The WalkState enum controls parallel traversal: Continue proceeds normally, Quit signals all threads to stop. SeqCst ordering provides the strongest memory ordering guarantees, ensuring visibility across all threads.


Section 6: File Listing Modes

/// Single-threaded file listing
fn files(args: &HiArgs) -> anyhow::Result<bool> {
    let haystack_builder = args.haystack_builder();
    let unsorted = args
        .walk_builder()?
        .build()
        .filter_map(|result| haystack_builder.build_from_result(result));
    let haystacks = args.sort(unsorted);

    let mut matched = false;
    let mut path_printer = args.path_printer_builder().build(args.stdout());

    for haystack in haystacks {
        matched = true;
        if args.quit_after_match() {
            break;
        }
        if let Err(err) = path_printer.write(haystack.path()) {
            if err.kind() == std::io::ErrorKind::BrokenPipe {
                break;
            }
            return Err(err.into());
        }
    }
    Ok(matched)
}

/// Multi-threaded file listing with channel-based output
fn files_parallel(args: &HiArgs) -> anyhow::Result<bool> {
    use std::{
        sync::{atomic::{AtomicBool, Ordering}, mpsc},
        thread,
    };

    let haystack_builder = args.haystack_builder();
    let mut path_printer = args.path_printer_builder().build(args.stdout());
    let matched = AtomicBool::new(false);

    // Channel for sending paths from workers to printer thread
    let (tx, rx) = mpsc::channel::<crate::haystack::Haystack>();

    // Single printing thread prevents write tearing
    let print_thread = thread::spawn(move || -> std::io::Result<()> {
        for haystack in rx.iter() {
            path_printer.write(haystack.path())?;
        }
        Ok(())
    });

    args.walk_builder()?.build_parallel().run(|| {
        let haystack_builder = &haystack_builder;
        let matched = &matched;
        let tx = tx.clone();  // Clone sender for each worker

        Box::new(move |result| {
            let haystack = match haystack_builder.build_from_result(result) {
                Some(haystack) => haystack,
                None => return WalkState::Continue,
            };
            matched.store(true, Ordering::SeqCst);
            if args.quit_after_match() {
                WalkState::Quit
            } else {
                match tx.send(haystack) {
                    Ok(_) => WalkState::Continue,
                    Err(_) => WalkState::Quit,  // Receiver dropped
                }
            }
        })
    });

    drop(tx);  // Close channel, allowing print_thread to finish

    if let Err(err) = print_thread.join().unwrap() {
        if err.kind() != std::io::ErrorKind::BrokenPipe {
            return Err(err.into());
        }
    }
    Ok(matched.load(Ordering::SeqCst))
}

The drop(tx) is critical: it closes the sending end of the channel, allowing the receiver's iter() to terminate. Without this, the print thread would block forever waiting for more messages.

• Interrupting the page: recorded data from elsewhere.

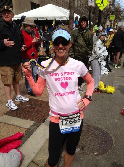 Running the Boston Marathon with a baby on board was really a coincidence, as I had qualified and booked the trip before I knew I was expecting. It had always been a dream to run this race, and relaying that desire to my OBGYN was among the first topics of my first appointment. With everyone’s support — including my husband, who initially thought that this might be too much — I set myself a goal of sub four hours (realistic and challenging enough, but allowing for some fun along the course) and finished feeling strong and healthy.
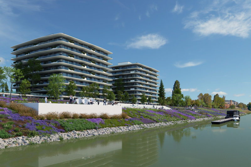 A lakóépületek modern, letisztult megjelenése a Duna vonalvezetését idézi.
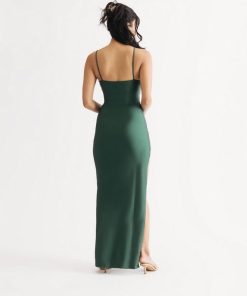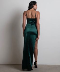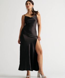 Heartbreaker Satin High Slit Maxi Dress – Black
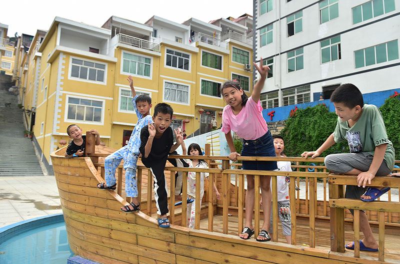 2019年8月22日,福建省福安市下岐村小朋友在下岐渔民广场前玩耍。新华社记者 林善传 摄
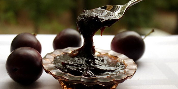 - Слива освобождается от косточек, наполняется половиной сахарного песка, тщательно перемешивается и настаивается в течение 4 часов. По истечении этого времени остаток сахара выливают в кастрюлю, и раствор ставят вариться на 10 минут. Затем добавляется какао, после чего варка длится еще 1 час.
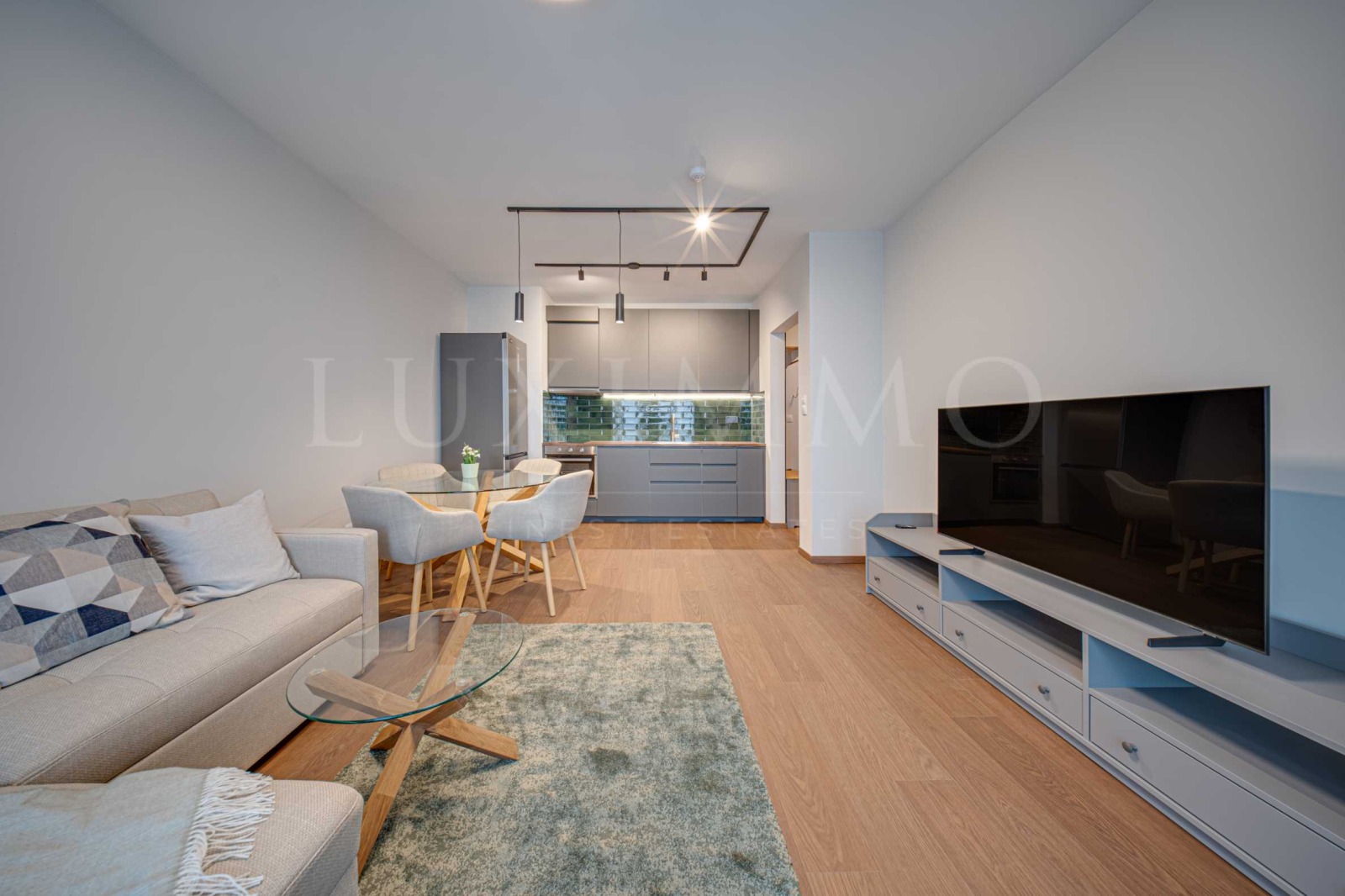 Обзаведен е с всички елекроуреди фурна и керамични котлони, абсорбатор, хладилник с фризер, пералня със сушилня.
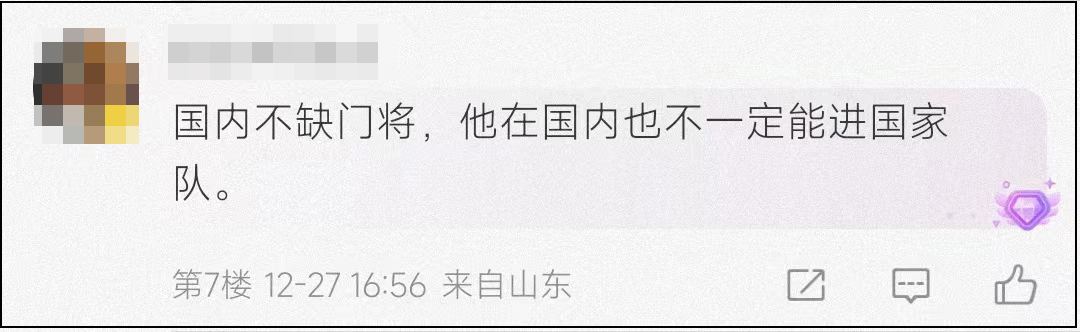 也有觀點認為,在門將這個位置,國內的競爭非常激烈,不一定能進中國國家隊。
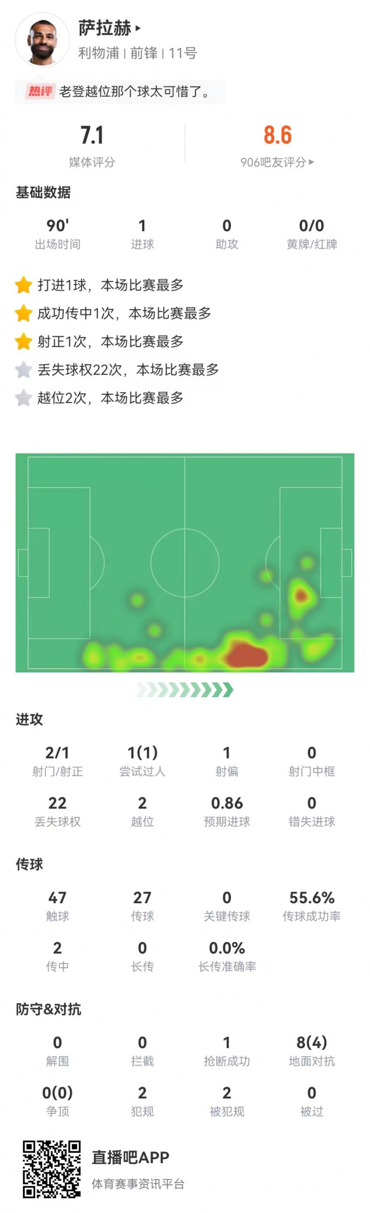 2月17日訊 利物浦在本輪英超2-1險勝狼隊,薩拉赫本場數據如下:首發踢滿全場1球預期進球0.8647觸球27傳球、15成功,成功率56%2傳中、1成功2射門、1射正1過人、1成功8對抗、4成功22丟失球權2犯規2造犯規2越位1搶斷獲評7.1分 本文標簽: 足球 英超 利物浦 狼隊
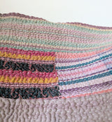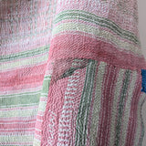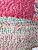 This particular kantha features stripes and patchwork in pink, green, navy blue, and other colors.
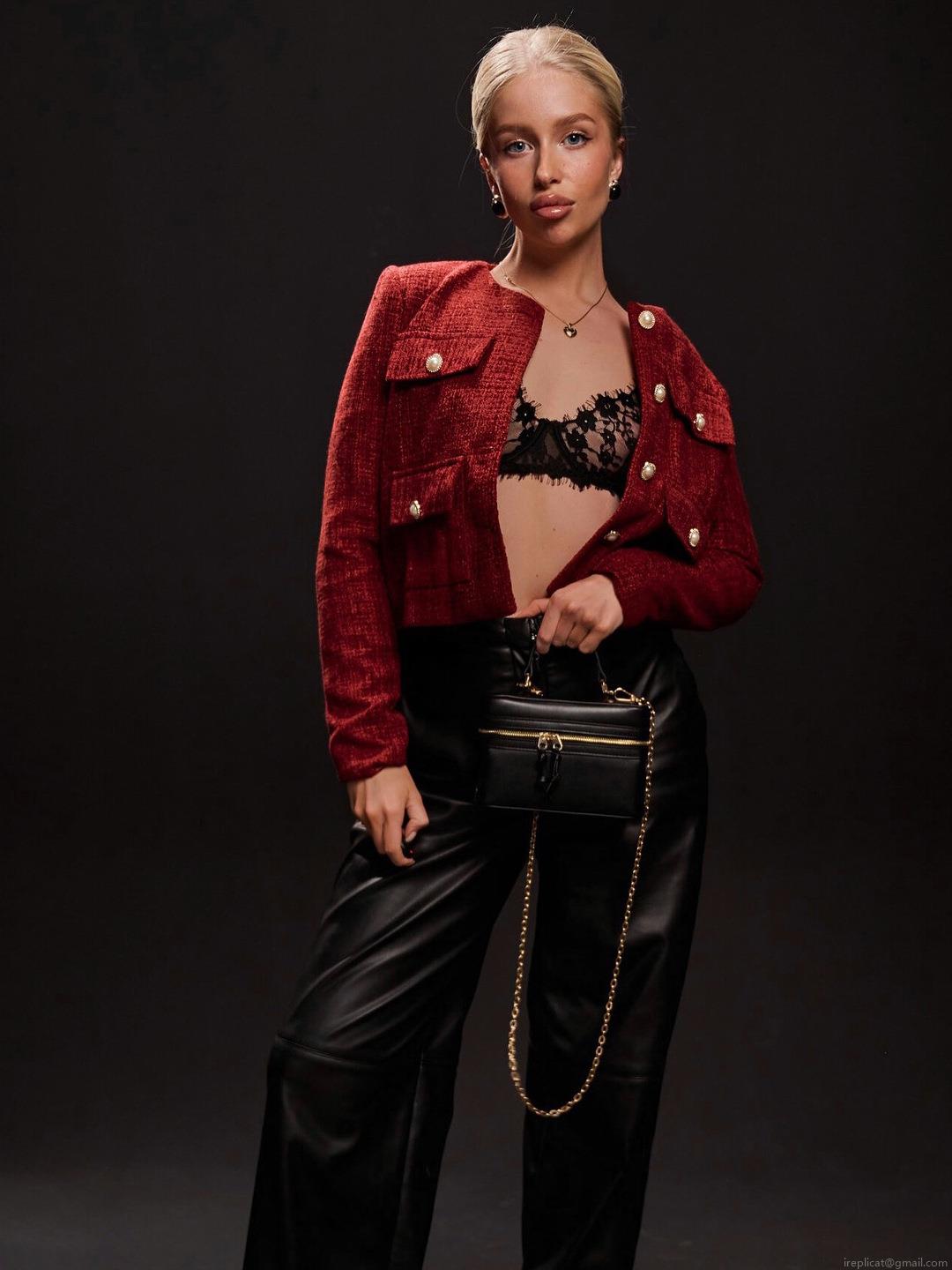 Solid Color, Pearl Button, Tweed, Woven Texture, Metal Round Buckle, Multi-pocket Design
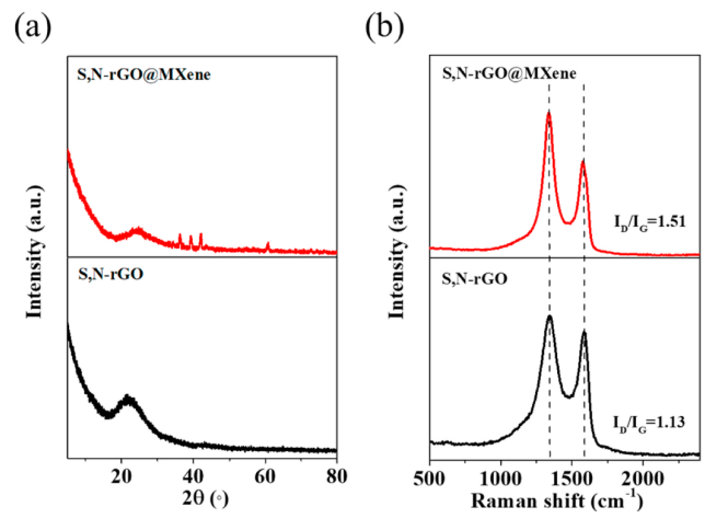 圖2. S,N-rGO@MXene和S,N-rGO的(a) XRD光譜和(b)拉曼光譜。
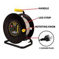 - Na het afrollen gaat het licht branden: de bouwplaats wordt verlicht met 19.230 of 32.000 lumen (185 W of 305 W afhankelijk van de uitvoering).
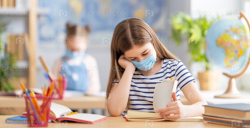 Дети в масках учатся в классе
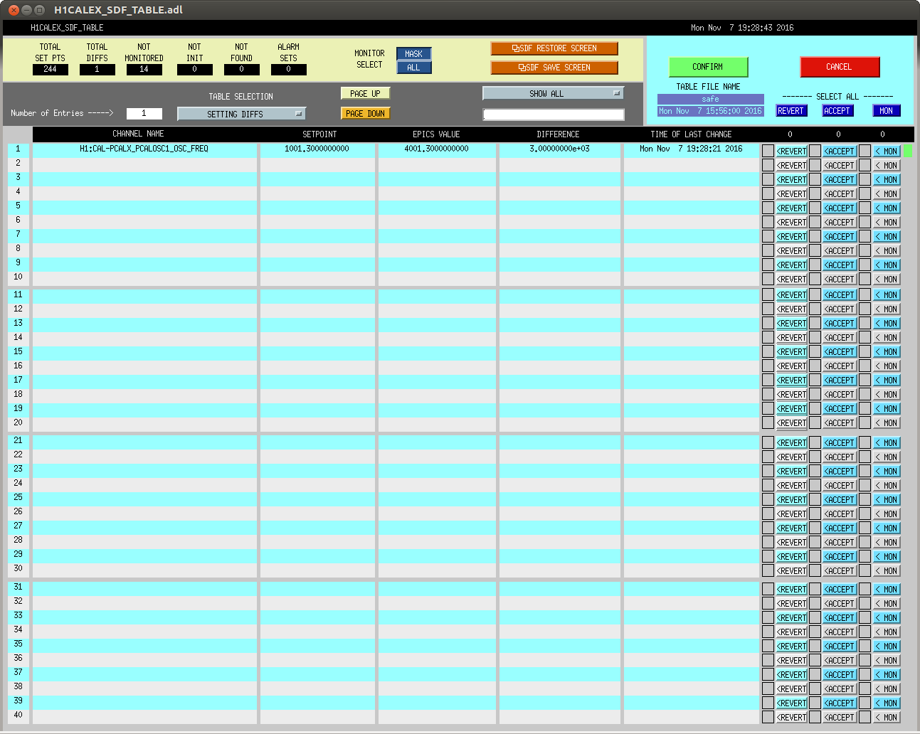 If h1oaf gets booted and the chillers go down, you only need to restart the chillers at the front panel and the lasers at the racks on the floor. The TCS settings come back up properly with the safe.snap. If the front end is not up yet, the SDF may show some stale setting diffs. Ignore anything in SDF until the FE is back up - most of these diffs will take care of themself as many are servos that do automatic adjustments.
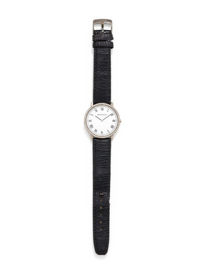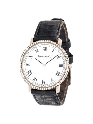 33.00 mm case diameter, the bezel containing 72 round brilliant cut diamonds, white dial, black Roman numerals with outer chapter ring, quartz movement, black leather strap signed TIFFANY & CO., base metal tang buckle signed TIFFANY & CO.

Section 7: Utility Modes and Statistics

/// The top-level entry point for `--type-list`.
fn types(args: &HiArgs) -> anyhow::Result<ExitCode> {
    let mut count = 0;
    let mut stdout = args.stdout();
    for def in args.types().definitions() {
        count += 1;
        stdout.write_all(def.name().as_bytes())?;
        stdout.write_all(b": ")?;

        let mut first = true;
        for glob in def.globs() {
            if !first {
                stdout.write_all(b", ")?;
            }
            stdout.write_all(glob.as_bytes())?;
            first = false;
        }
        stdout.write_all(b"\n")?;
    }
    // Exit 1 if no types defined, 0 otherwise
    Ok(ExitCode::from(if count == 0 { 1 } else { 0 }))
}

/// Generate shell completions and man pages
fn generate(mode: crate::flags::GenerateMode) -> anyhow::Result<ExitCode> {
    use crate::flags::GenerateMode;

    let output = match mode {
        GenerateMode::Man => flags::generate_man_page(),
        GenerateMode::CompleteBash => flags::generate_complete_bash(),
        GenerateMode::CompleteZsh => flags::generate_complete_zsh(),
        GenerateMode::CompleteFish => flags::generate_complete_fish(),
        GenerateMode::CompletePowerShell => flags::generate_complete_powershell(),
    };
    writeln!(std::io::stdout(), "{}", output.trim_end())?;
    Ok(ExitCode::from(0))
}

/// Print statistics in text or JSON format
fn print_stats<W: Write>(
    mode: SearchMode,
    stats: &grep::printer::Stats,
    started: std::time::Instant,
    mut wtr: W,
) -> std::io::Result<()> {
    let elapsed = std::time::Instant::now().duration_since(started);

    if matches!(mode, SearchMode::JSON) {
        serde_json::to_writer(
            &mut wtr,
            &serde_json::json!({
                "type": "summary",
                "data": {
                    "stats": stats,
                    "elapsed_total": {
                        "secs": elapsed.as_secs(),
                        "nanos": elapsed.subsec_nanos(),
                        "human": format!("{:0.6}s", elapsed.as_secs_f64()),
                    },
                }
            }),
        )?;
        write!(wtr, "\n")
    } else {
        write!(wtr, "
{matches} matches
{lines} matched lines
{searches_with_match} files contained matches
{searches} files searched
{bytes_printed} bytes printed
{bytes_searched} bytes searched
{search_time:0.6} seconds spent searching
{process_time:0.6} seconds total
",
            matches = stats.matches(),
            lines = stats.matched_lines(),
            // ... remaining fields
        )
    }
}

The matches! macro is a concise way to test if a value matches a pattern without binding. The generic W: Write bound allows the same function to write to any destination implementing Write.


Quick Reference

Exit Codes

Code Meaning
0 Matches found (or broken pipe)
1 No matches found
2 Error occurred

Mode Dispatch

Mode Single-Threaded Multi-Threaded
Search search() search_parallel()
Files files() files_parallel()
Types types() N/A
Generate generate() N/A

Thread Synchronization Primitives

// Atomic boolean for simple flags
use std::sync::atomic::{AtomicBool, Ordering};
let flag = AtomicBool::new(false);
flag.store(true, Ordering::SeqCst);
flag.load(Ordering::SeqCst);

// Mutex for complex data requiring exclusive access
use std::sync::Mutex;
let data = Mutex::new(Stats::new());
let mut guard = data.lock().unwrap();
*guard += new_stats;

// Channel for producer-consumer patterns
use std::sync::mpsc;
let (tx, rx) = mpsc::channel();
tx.send(item)?;
for item in rx.iter() { /* ... */ }

WalkState Control Flow

use ignore::WalkState;

// In parallel walk closure:
WalkState::Continue  // Keep processing files
WalkState::Quit      // Signal all threads to stop
WalkState::Skip      // Skip current directory (not used here)